Maurizio Cattelan

Maurizio Cattelan est né en 1960 à Padoue, en Italie. Il vit et travaille actuellement entre Milan et New York. Sa pratique transversale, qui comprend l’usage de la sculpture et de la performance, la publication de revues (Toilet Paper) et l’ouverture d’espaces d’exposition (Wrong Gallery) font de cet artiste une des figures de proue de l’art de ces vingt dernières années. Dès ses débuts, Cattelan aime provoquer son public : ses œuvres sont constamment en équilibre instable entre la réalité et la fiction, le paradoxe et la transgression, l’humour et la tragédie. Cattelan vole, prélève, modifie, déplace, remplace, joue, dépasse les limites et perturbe notre horizon visuel habituel, avec une ironie macabre. Cattelan est aussi un fin connaisseur des mécanismes du monde de l’art et succombe volontiers à la tentation de s’en servir pour les prendre en dérision. Invité à la Biennale de Venise en 1993, il cède l’espace qui lui avait été imparti à une agence publicitaire (Travailler est un mauvais métier), alors qu’en 1999, il dirige la VIe Biennale des Caraïbes avec tout l’arsenal voulu de catalogues et conférences de presse pour les journalistes. Les seuls absents dans l’histoire : les œuvres et les artistes. Ces dernières années, Cattelan joue un nouveau rôle encore : celui de producteur et de curateur et en 2015, il a dirigé précisément l’exposition ‘Shit and Die’ au Palazzo Cavour de Turin.

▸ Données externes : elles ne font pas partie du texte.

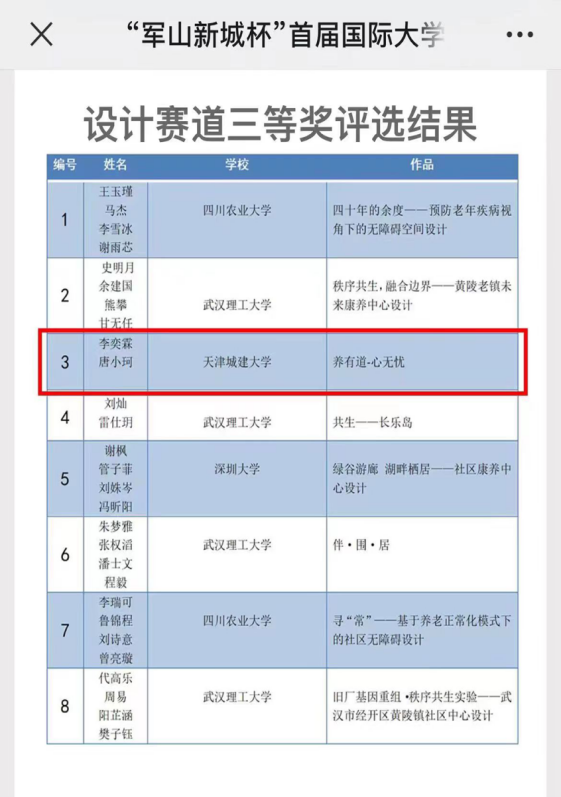 近日,“军山新城杯”首届国际大学生绿色智慧城市设计大赛颁奖仪式在武汉理工大学举行。Beat365官网建筑学院2020级城乡规划专业学生李奕霖、唐小珂的作品“养有道,心无忌——基于智慧城市背景下的无障碍康养社区设计”在本届竞赛中获得设计赛道三等奖及奖金1万元。

En 2011, le Guggenheim de New York a organisé une grande exposition de Cattelan présentant près de 130 de ses œuvres en une cascade vertigineuse, au sein de la célèbre spirale de Frank Lloyd Wright. Parmi les expositions personnelles importantes de Cattelan, rappelons celles qui ont eu lieu auprès de la Fondation Beyeler, en Suisse (2013), de la DESTE Foundation for Contemporary Art d’Athènes (2010) et de la Tate Modern à Londres (2007). Ses œuvres ont été présentées à Punta della Dogana et à Palazzo Grassi à l’occasion des expositions 'Dancing with Myself' (2018), ‘Eloge du doute (2011-13), ‘Le Monde vous appartient’ (2011-12), ‘Mapping the Studio’ (2009-11), ‘Italics’ (2008-2009), ‘Une sélection Post-pop’ (2006-7) et ‘Where are We Going?’ (2006).